🤖 AI Summary
This study investigates the presence of gender bias in swipe-based behavioral biometric authentication to ensure equitable performance across genders. Leveraging the BBMAS and ANTAL datasets, the authors employ XGBoost and DenseNet models and, for the first time in this domain, apply non-parametric statistical tests—including Kolmogorov-Smirnov, Mann-Whitney U, and Wasserstein permutation tests—to systematically evaluate gender disparities in authentication performance. Experimental results demonstrate that XGBoost achieves 92% and 94% accuracy on the two datasets, respectively, with no statistically significant differences in false acceptance rates (FAR) or false rejection rates (FRR) between male and female users across most configurations. These findings indicate that high authentication accuracy and low gender bias can be simultaneously attained.
📝 Abstract
Behavioral biometrics offer a promising approach for continuous authentication, but their fairness across demographic groups remains largely unexplored.
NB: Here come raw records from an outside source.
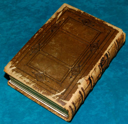 Description: A hardback book featured in Star Trek: Enterprise episodic television. The book is vintage and features a graphical application of ‘Vulcan’ iconography adhered, and several pages inside have been added featuring the same iconography. The book itself is in actuality ‘The Family Library of Poetry and Song Being Choice Selections from the Best Poets, English, Scottish, Irish, and American; Including Translations from the German, Spanish, French, Portuguese, Persian, Latin, Greek, etc., Edited by William Cullen Bryan’. The copy write page indicates ‘By J.B. Ford and Company, in 1870. By Ford, Howard, and Hulbert, in 1878 and 1880’. The page count is 1065 and it measures approx. 10 X 7 X 2.75 inches.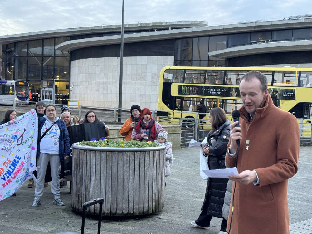 James Binks is pictured speaking at the White Ribbon event at Riverside. Credit: Rochdale Council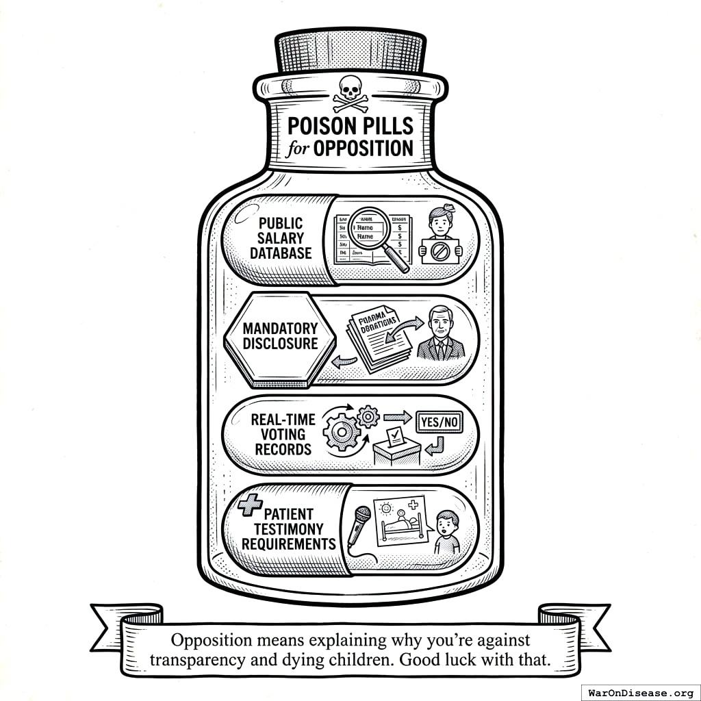 - Public salary database (shows who’s blocking cures)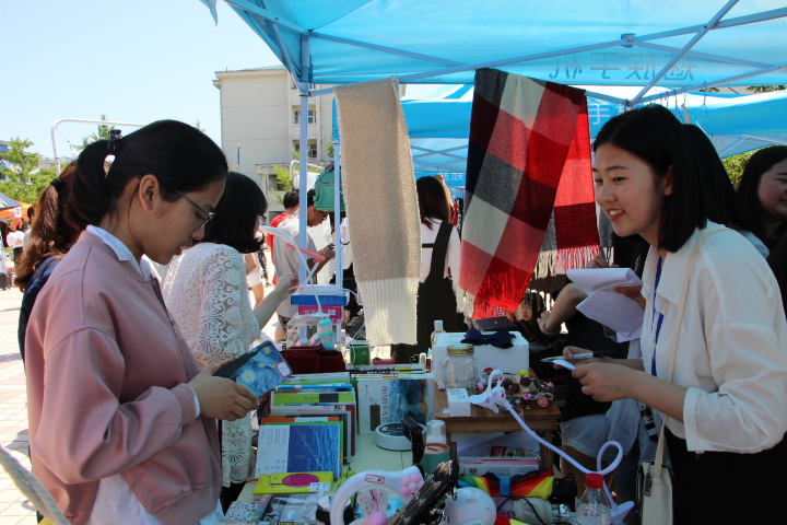 各具风采的摊位以他们独特的物品和方式吸引着人群。美术公司展示出精美的画作并协同孤独者协会举办“彩虹行动”,通过售卖自闭症孩童亲手做的蜡烛与香皂来为他们筹集善款;法公司的摊位被层层的书刊包围,体育公司的摊位放眼望去全是锻炼器材;文公司更是抱起吉他拿起话筒,用歌声展示风采。同时,校员工会成员随机邀请购买者填写评分表,从物品质量、物品价位、服务态度、整洁程度、购买体验五个方面对各公司摊位进行评估,从而选出最终的“文明摊位”。另外,公司安保人员也随时在岗,保障活动安全进行。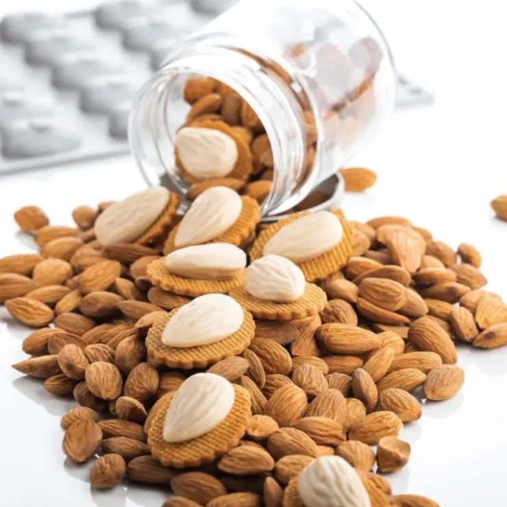 Craquante, douce, gourmande, l’amande est fruit sec utilisé dans de nombreuses recettes. Rendez honneur à cet ingrédient essentiel en confectionnant des gâteaux à son image. Le moule en silicone gourmand amande possède 30 empreintes à la forme ronde et allongée et au réalisme épatant ! Avec les bons ingrédients et un peu d’huile de coude, vous pourrez aisément confectionner des amandes en trompe-l’œil.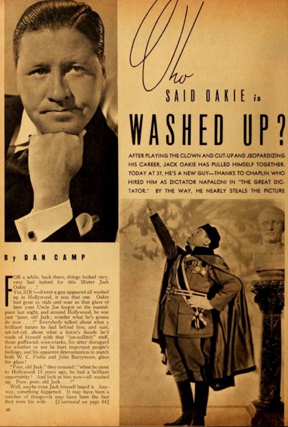 Jack undertook to play Mussolini in Chaplin‘s picture, „The

This paper investigates gender bias in swipe-based authentication using the BBMAS (117 users) and ANTAL (71 users) datasets and evaluates XGBoost and DenseNet classifiers through False Acceptance Rate (FAR) and False Rejection Rate (FRR). XGBoost achieved authentication accuracies of 92% and 94% on the BBMAS and ANTAL datasets, respectively, while statistical tests (Kolmogorov-Smirnov, Mann-Whitney, and Wasserstein permutation) found no significant gender differences in authentication error rates across almost all experimental settings. These findings suggest that swipe-based authentication can achieve high accuracy while maintaining comparable performance for male and female users, supporting its potential as a fair and reliable behavioral biometric modality.